Não vemos o poder econômico se levantando contra grandes instituições que também se utilizam da força animal ou contra grandes corporações que lucram bilhões com a morte de animais – é sintomático perceber que essas lutas ganham força quando vão retirar os direitos das pessoas mais pobres, das pessoas negras, das pessoas de religião de matrizes africanas, etc.
No caso do PL 142/2017, temos visto pessoas que possuem modos de vida absolutamente próprios, que ocupam a cidade de determinada maneira, que compartilham tradições e conhecimentos, que têm afeto pelos animais que são seus companheiros de trabalho e de vida terem suas vidas reviradas sem a possibilidade de participarem da discussão.

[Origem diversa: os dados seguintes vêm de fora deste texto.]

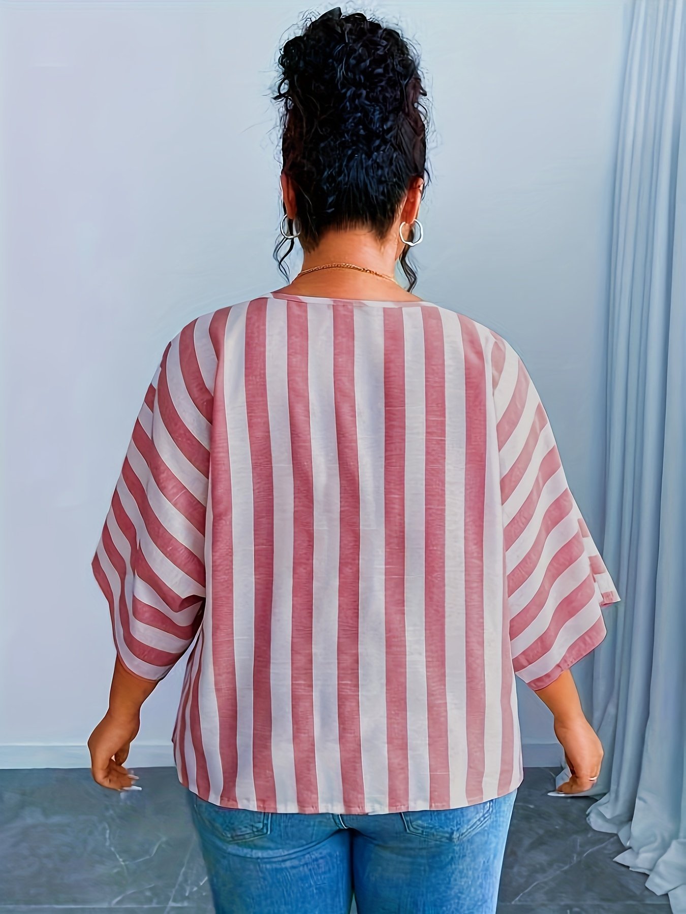 Grande Taille – Chemise à Rayures Décontractée et Ample à Manches Raglan et Col en V pour Grande Taille, Idéale pour les Vacances de Printemps et d'Été et au Quotidien pour Femmes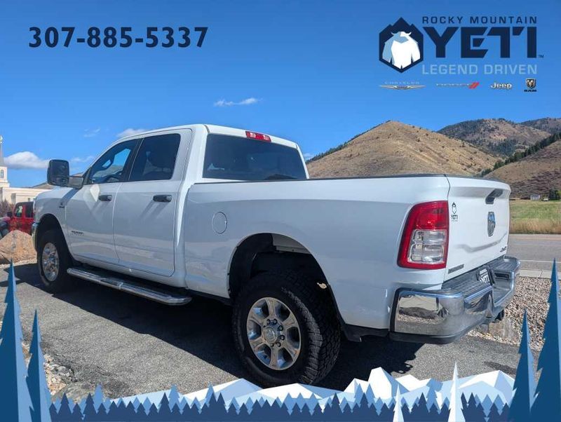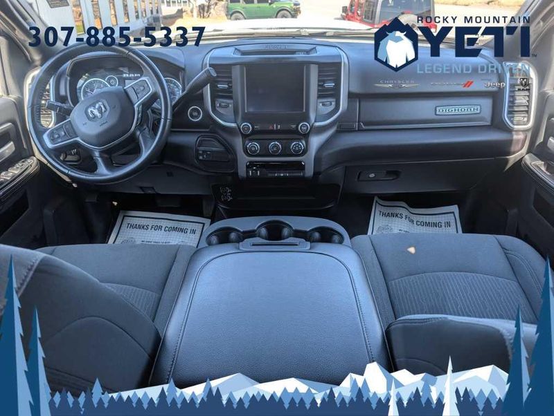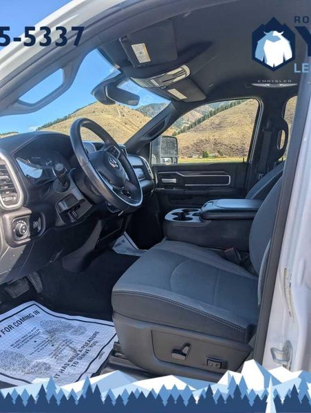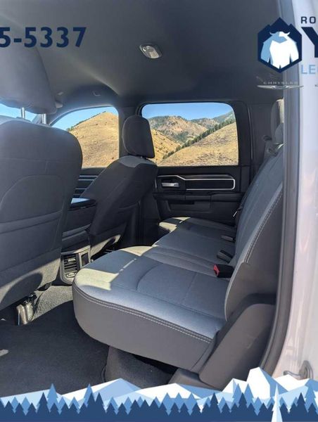 Selective Catalytic Reduction (Urea), Dual 730 Amp Maintenance Free Batteries, Cummins Turbo Diesel Badge, Heavy Duty Engine Cooling, Tow Hooks, Diesel Exhaust Brake, Supplemental Heater, Front Bumper Sight Shields, Capless Fuel Fill w/o Discriminator, Storage Tray, Rear 60/40 Folding Seat, Front Armrest w/Cupholders, Remote USB Port - Charge Only, Front Center Seat Cushion Storage, Manual Adjust 4-Way Front Passenger Seat, Power Adjust 8-Way Driver Seat, Front Seat Back Map Pockets, Power 2-Way Driver Lumbar Adjust, CHROME FLAT CAB-LENGTH SIDE STEPS, Google Android Auto, For Details, Visit DriveUconnect.com, For More Info, Call 800-643-2112, Leather Wrapped Steering Wheel, Rear Dome w/On/Off Switch Lamp, Front Fog Lamps, Glove Box Lamp, Auto Power-Folding Mirrors, Footwell Courtesy Lamp, 4G LTE Wi-Fi Hot Spot, Mirror Running Lights, Radio: Uconnect 5 W w/8.4 Display, 8.4 Touchscreen Display, Foam Bottle Insert (Door Trim Panel), Wheels: 18 x 8.0 Polished Aluminum, Apple CarPlay, Big Horn IP Badge, Power Adjustable Convex Aux Mirrors, Forward & Reverse Utility Lights, Locking Lower Glove Box, Selectable Tire Fill Alert, SiriusXM Satellite Radio, Power Heated Fold Telescope Mirrors, Exterior Mirrors w/Supplemental Signals, Steering Wheel Mounted Audio Controls, Exterior Mirrors Courtesy Lamps, Dual Glove Boxes, 2nd Row In Floor, TRANSMISSION: 6-SPEED AUTOMATIC (68RFE).

A proibição do uso da tração animal em carroças causa o desmonte de atividades essenciais para o meio ambiente, aumenta a poluição pela substituição por veículos automotores, exclui pessoas da atividade – já que será preciso ter habilitação, realizar pagamento de novos impostos –, leva a perda de saberes tradicionais, a formas específicas de sociabilidade, além de ser um golpe nas relações entre os carroceiros e seus animais. Ao mesmo tempo, ela serve ao interesse das indústrias de veículos, das caçambas, de políticos que buscam se capitalizar em cima dessa disputa.
Não existe nada que justifique os maus-tratos aos animais. Essa também é uma luta das próprias associações dos carroceiros, que, em seus “mandamentos”*, incluem o amor pelos animais, o zelo e o trato, preocupações com a ergonomia, entre outros pontos. Uma proibição arbitrária não vai acabar com o uso de animais como tração e, infelizmente, nem com os maus-tratos. Entretanto, o poder público tem o poder para regulamentar a atividade, apoiar os carroceiros, promover ações de sensibilização, fornecer serviços veterinários e realizar fiscalização.
Nosso apoio às carroceiras e carroceiros!